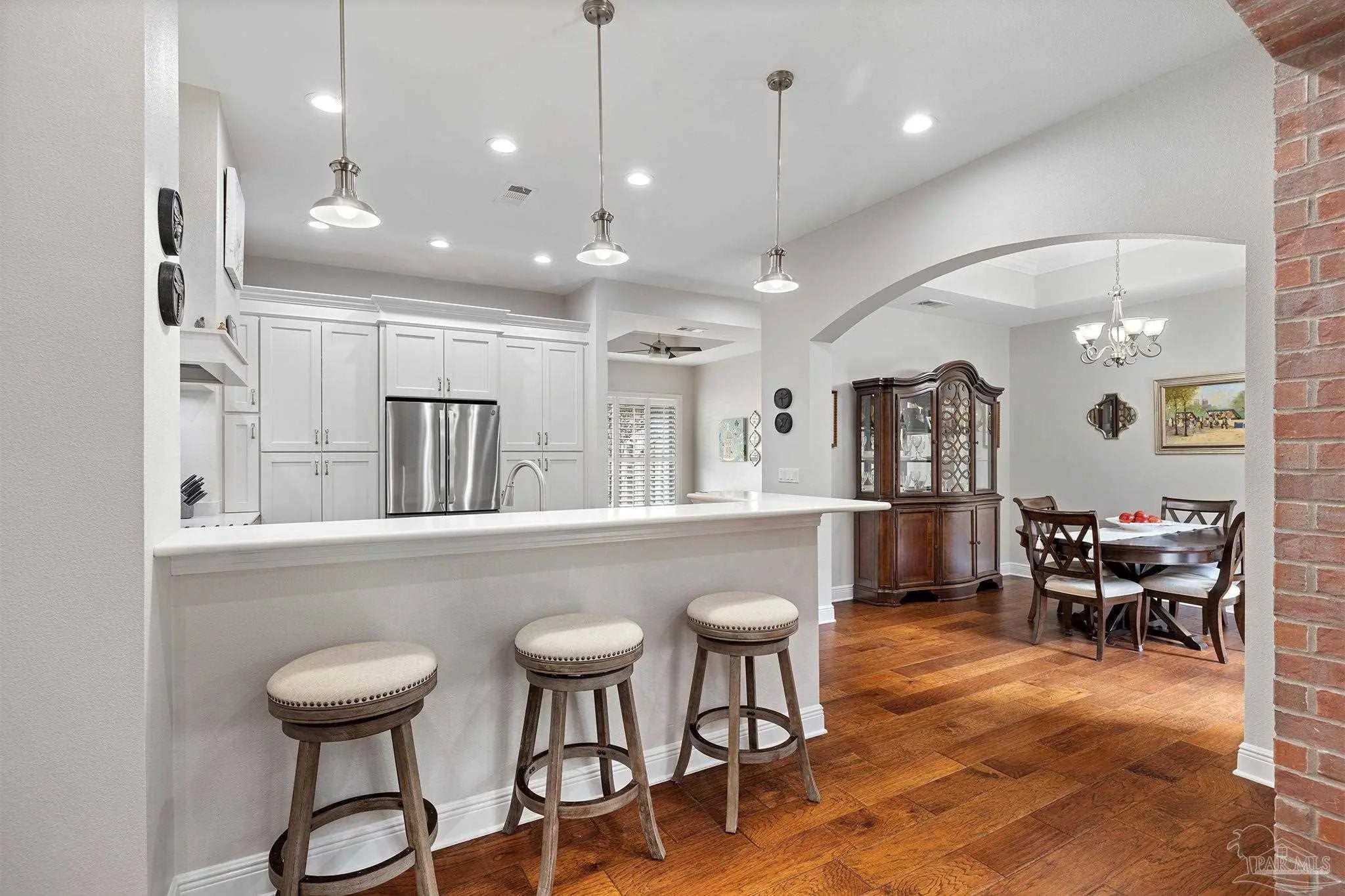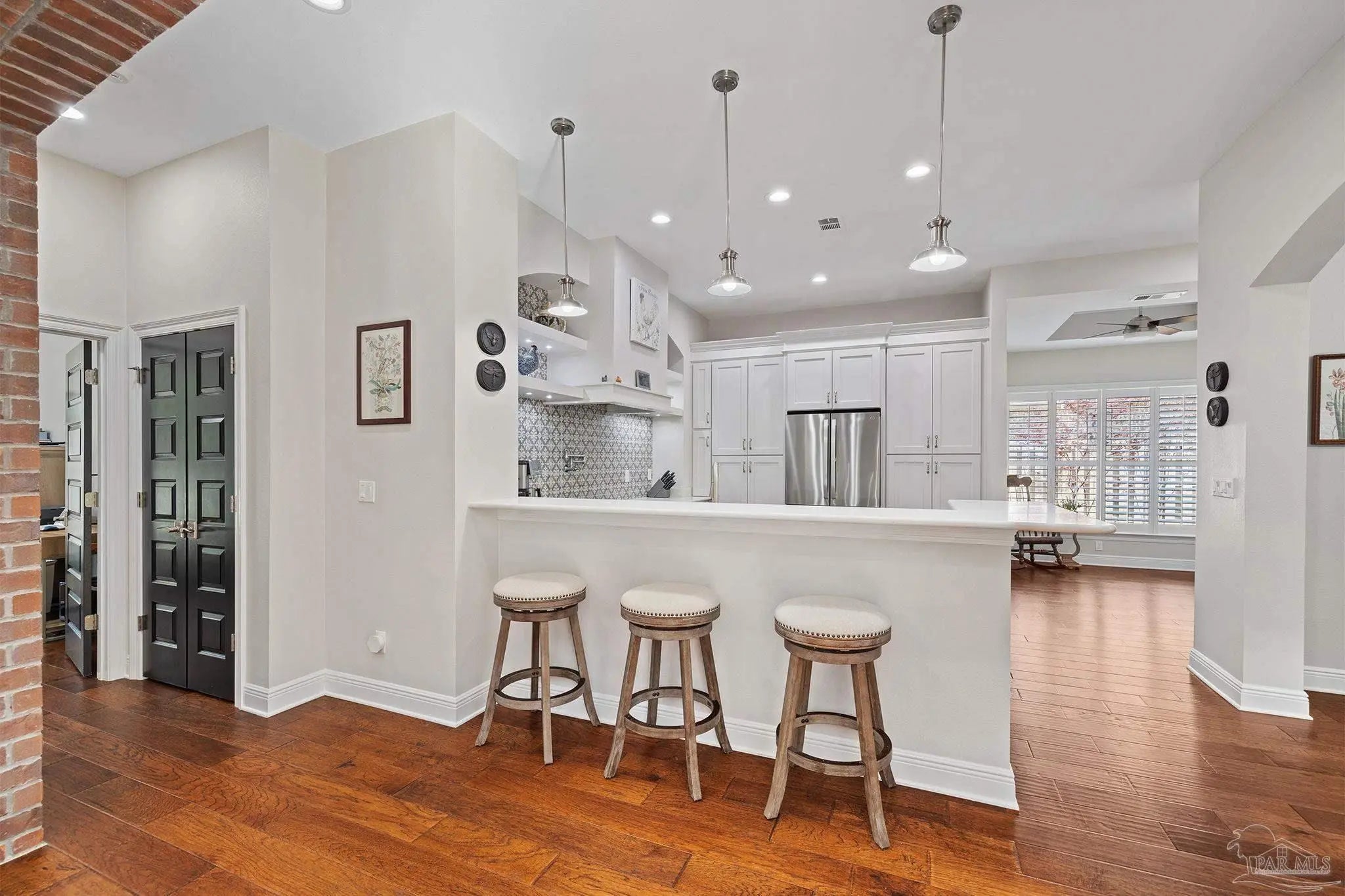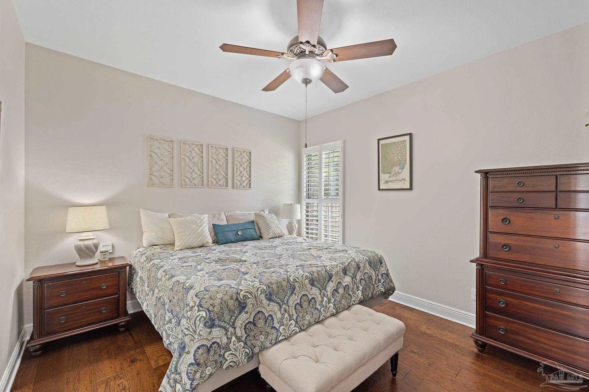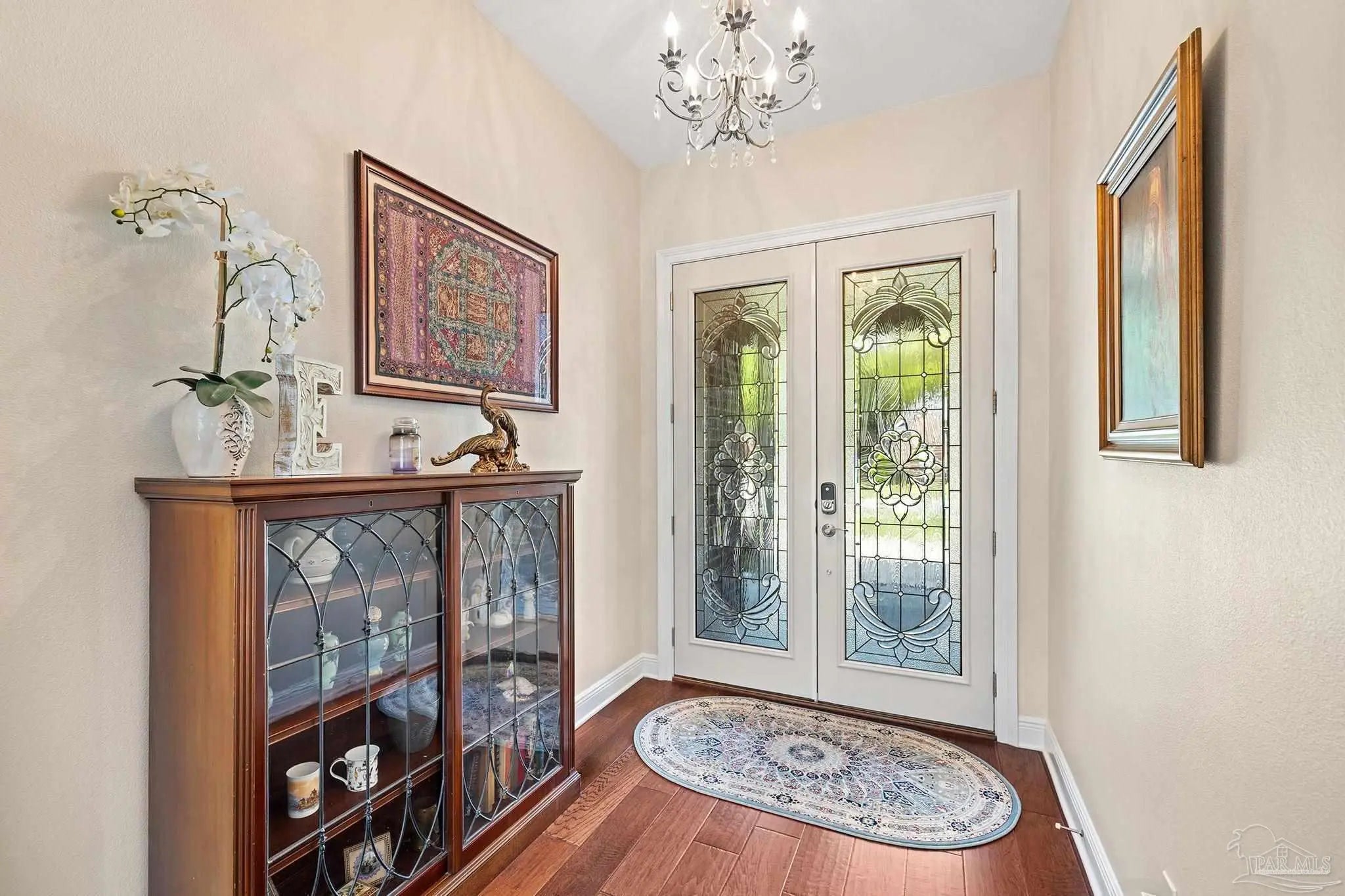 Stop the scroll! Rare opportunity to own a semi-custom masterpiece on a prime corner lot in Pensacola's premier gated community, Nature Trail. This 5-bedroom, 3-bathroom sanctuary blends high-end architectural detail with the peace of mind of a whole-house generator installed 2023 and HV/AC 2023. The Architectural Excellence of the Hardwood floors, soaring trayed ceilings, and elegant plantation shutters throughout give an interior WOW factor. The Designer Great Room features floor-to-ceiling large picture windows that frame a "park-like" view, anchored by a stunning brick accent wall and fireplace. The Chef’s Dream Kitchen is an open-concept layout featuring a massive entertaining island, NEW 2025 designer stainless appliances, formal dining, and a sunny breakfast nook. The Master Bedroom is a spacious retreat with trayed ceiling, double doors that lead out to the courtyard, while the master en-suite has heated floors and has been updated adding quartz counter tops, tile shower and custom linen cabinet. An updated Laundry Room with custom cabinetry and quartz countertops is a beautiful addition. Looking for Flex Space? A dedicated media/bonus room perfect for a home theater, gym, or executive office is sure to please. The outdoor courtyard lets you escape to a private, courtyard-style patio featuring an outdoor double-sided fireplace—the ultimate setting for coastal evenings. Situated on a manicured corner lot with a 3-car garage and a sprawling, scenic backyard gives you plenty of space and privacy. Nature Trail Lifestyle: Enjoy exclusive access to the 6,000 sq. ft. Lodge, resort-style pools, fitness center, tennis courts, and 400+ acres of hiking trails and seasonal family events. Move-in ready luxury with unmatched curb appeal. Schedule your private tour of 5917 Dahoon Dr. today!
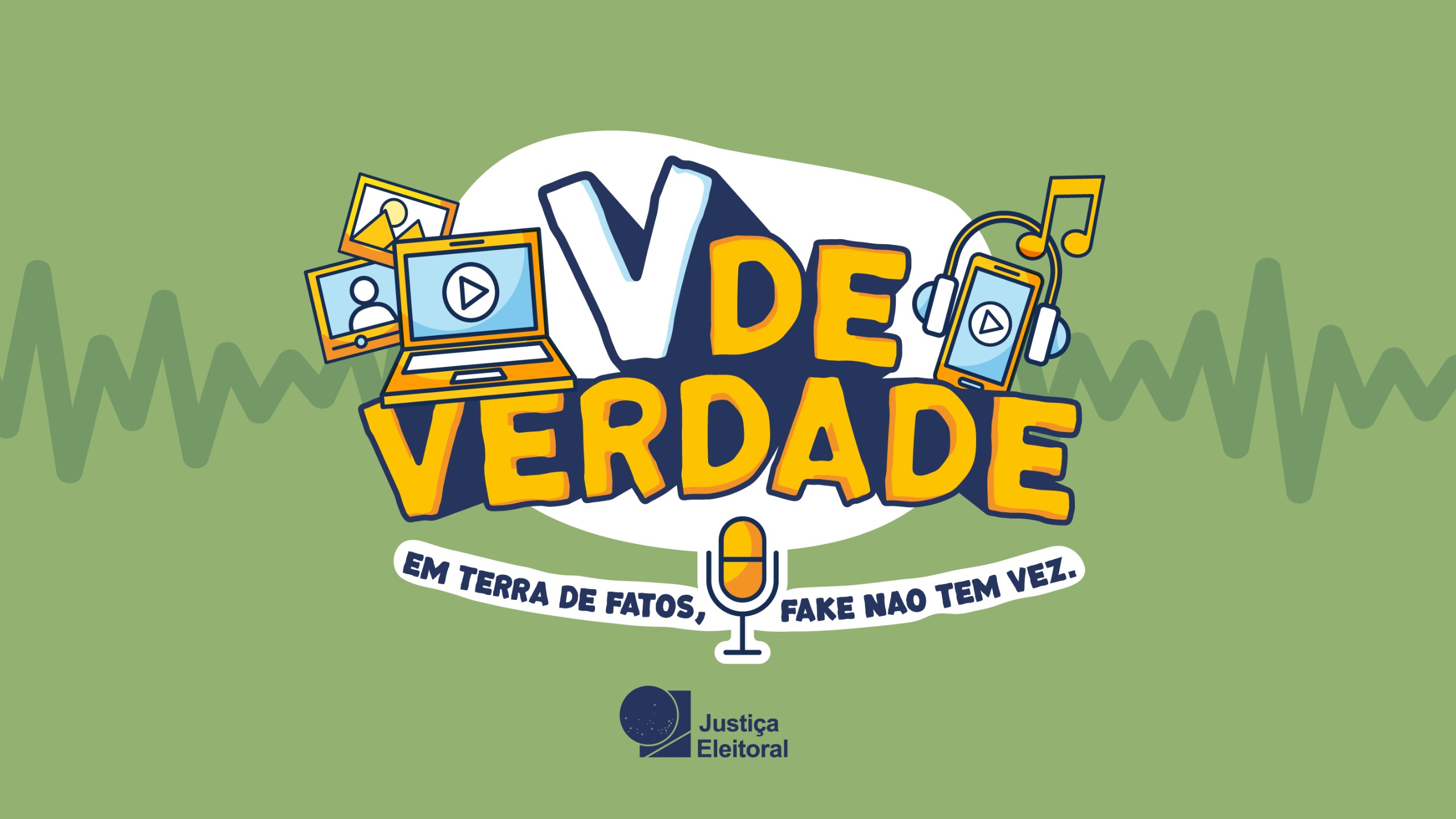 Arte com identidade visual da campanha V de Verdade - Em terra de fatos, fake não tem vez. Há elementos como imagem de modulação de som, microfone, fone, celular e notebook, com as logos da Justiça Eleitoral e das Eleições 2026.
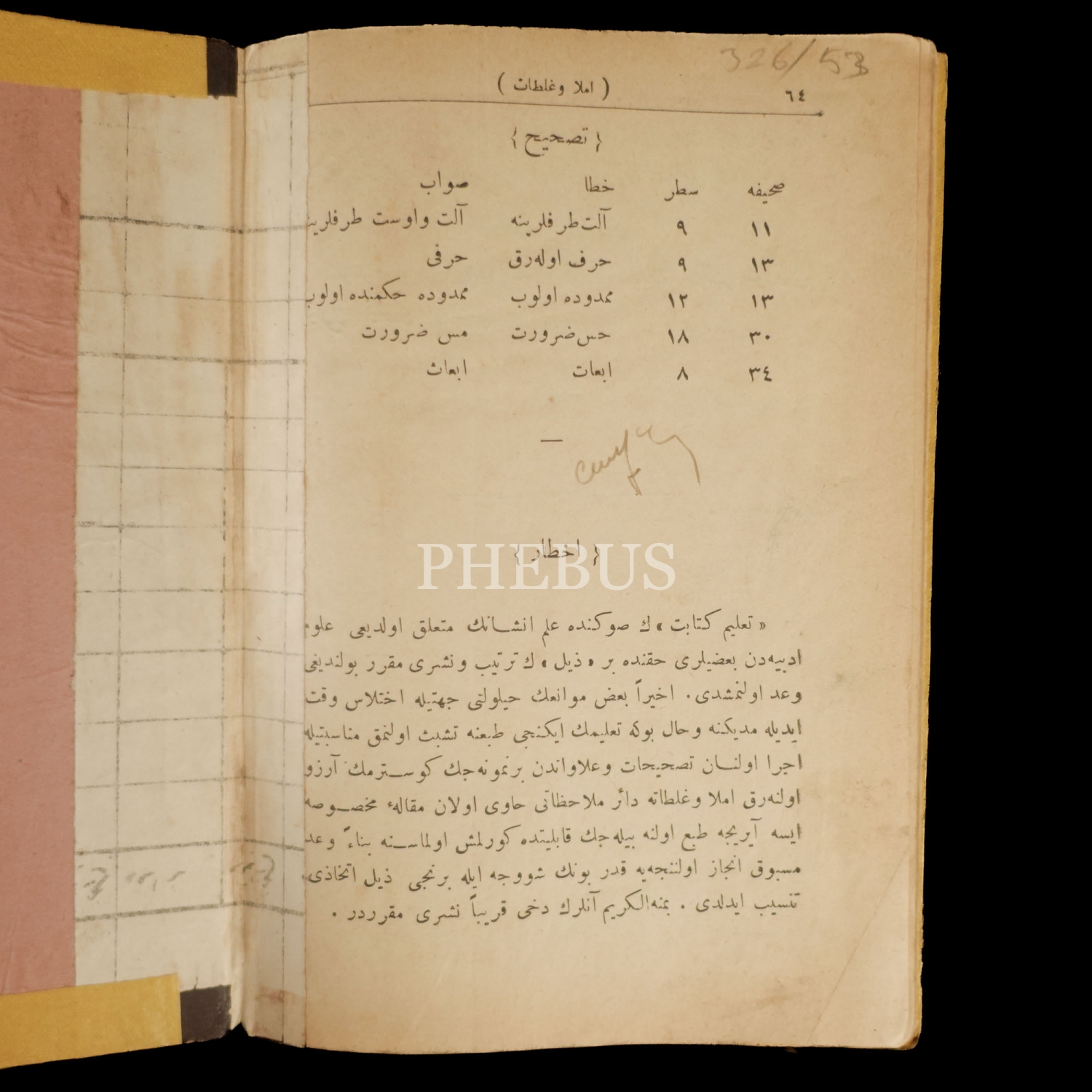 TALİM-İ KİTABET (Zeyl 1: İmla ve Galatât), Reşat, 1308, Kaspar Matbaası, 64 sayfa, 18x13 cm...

WHAT IS NEEDED | Write out, word for word, the lines running from the one containing "Arte com identidade" to the end of the data above; the pictures are to be left out.

TASK ANSWER |
 Arte com identidade visual da campanha V de Verdade - Em terra de fatos, fake não tem vez. Há elementos como imagem de modulação de som, microfone, fone, celular e notebook, com as logos da Justiça Eleitoral e das Eleições 2026.
 TALİM-İ KİTABET (Zeyl 1: İmla ve Galatât), Reşat, 1308, Kaspar Matbaası, 64 sayfa, 18x13 cm...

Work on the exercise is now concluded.